SUMMARY OF THE INVENTION

[0008] In accordance with the invention, there is provided an implant for insertion into the angle recess in the anterior chamber of an eye, the implant comprising: a diaphragm that is insertable into the anterior chamber to cover a natural iris of the eye. The diaphragm comprises a flexible and foldable material and has a main portion that defines a round opening in the center of the diaphragm.
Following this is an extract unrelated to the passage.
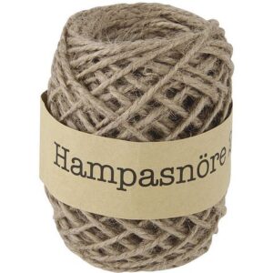 Vackert naturfärgat hampasnöre för presentinslagning eller annan dekoration. Naturfärgat hampasnöre för mångsidig användning. – Längd: 25m/rl

The material is opaque and has a color that imparts to at least the main portion the hue of an iris of a human eye. The diaphragm comprises flap means at a periphery thereof for insertion into the angle recess in the anterior chamber, and for maintaining the implant in position in the anterior chamber with the main portion covering the natural iris and with the opening being aligned with a pupil of the eye. The flap means comprises a plurality of flap portions that protrude from the periphery, the periphery being otherwise circular. The flap portions are integrally formed with the main portion to provide the diaphragm with a unitary construction.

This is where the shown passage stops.